──────── Supplied records ────────

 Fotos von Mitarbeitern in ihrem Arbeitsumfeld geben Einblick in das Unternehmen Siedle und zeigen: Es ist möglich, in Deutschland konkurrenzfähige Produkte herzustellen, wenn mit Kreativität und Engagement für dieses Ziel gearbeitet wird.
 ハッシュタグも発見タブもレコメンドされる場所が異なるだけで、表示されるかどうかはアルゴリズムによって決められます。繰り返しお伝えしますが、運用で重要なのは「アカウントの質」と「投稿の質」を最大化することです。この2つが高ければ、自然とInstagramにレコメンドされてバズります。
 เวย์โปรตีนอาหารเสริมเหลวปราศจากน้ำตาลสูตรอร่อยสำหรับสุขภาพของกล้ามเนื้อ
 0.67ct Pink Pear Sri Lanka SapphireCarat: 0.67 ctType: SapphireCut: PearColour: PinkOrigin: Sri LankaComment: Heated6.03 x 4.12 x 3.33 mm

────────
──────── Supplied records ────────

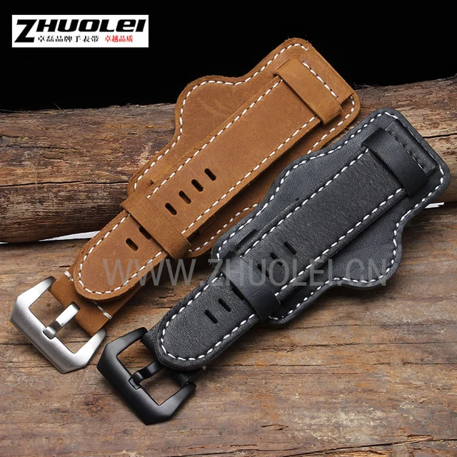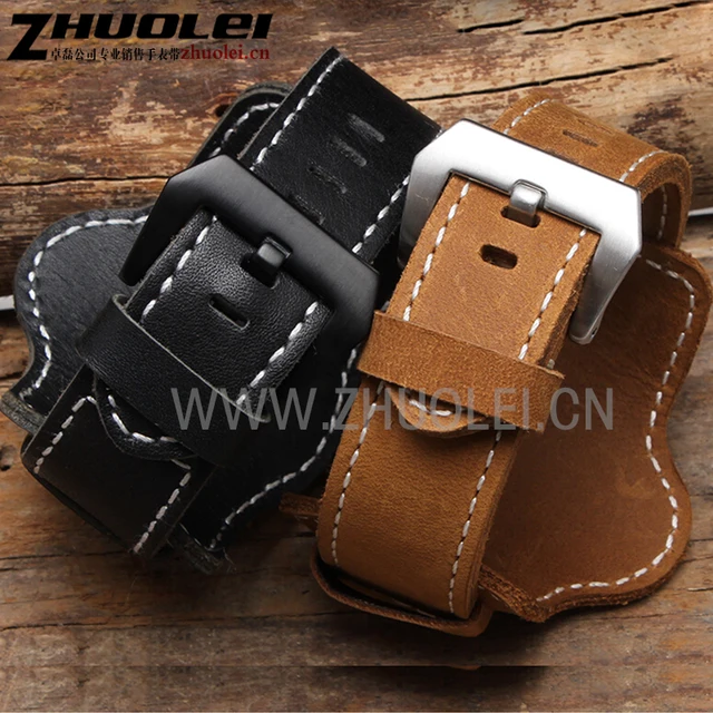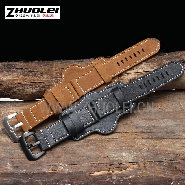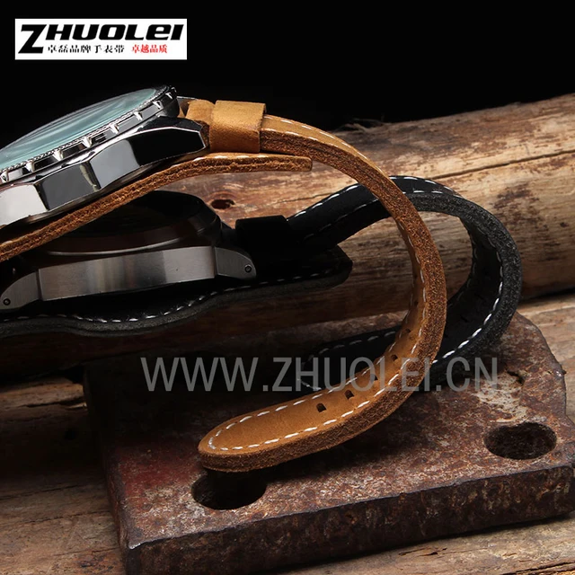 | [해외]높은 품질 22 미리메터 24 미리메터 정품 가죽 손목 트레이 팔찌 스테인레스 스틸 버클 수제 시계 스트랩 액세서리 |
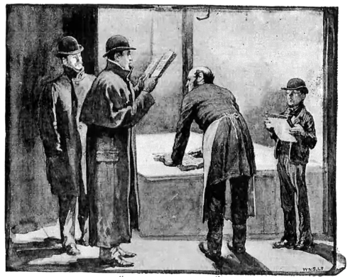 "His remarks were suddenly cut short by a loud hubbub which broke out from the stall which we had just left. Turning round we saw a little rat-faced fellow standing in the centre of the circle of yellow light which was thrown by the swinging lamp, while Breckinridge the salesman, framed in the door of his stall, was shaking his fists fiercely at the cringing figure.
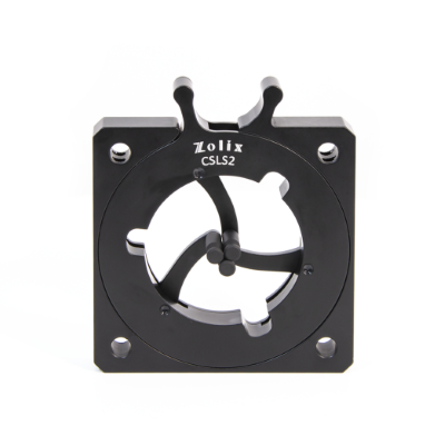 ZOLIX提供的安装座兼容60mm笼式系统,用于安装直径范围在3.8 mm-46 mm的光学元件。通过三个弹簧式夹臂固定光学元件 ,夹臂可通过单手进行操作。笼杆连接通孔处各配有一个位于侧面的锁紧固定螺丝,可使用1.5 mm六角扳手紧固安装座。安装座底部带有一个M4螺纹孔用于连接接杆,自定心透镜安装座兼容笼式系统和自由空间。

────────

*Instructions to follow*
Copy the lines of the data above exactly as written, beginning with the line containing "Fotos von Mitarbeitern" and ending with the line containing "ハッシュタグも発見タブもレコ", and leave out all other lines.

*Written solution*
 Fotos von Mitarbeitern in ihrem Arbeitsumfeld geben Einblick in das Unternehmen Siedle und zeigen: Es ist möglich, in Deutschland konkurrenzfähige Produkte herzustellen, wenn mit Kreativität und Engagement für dieses Ziel gearbeitet wird.
 ハッシュタグも発見タブもレコメンドされる場所が異なるだけで、表示されるかどうかはアルゴリズムによって決められます。繰り返しお伝えしますが、運用で重要なのは「アカウントの質」と「投稿の質」を最大化することです。この2つが高ければ、自然とInstagramにレコメンドされてバズります。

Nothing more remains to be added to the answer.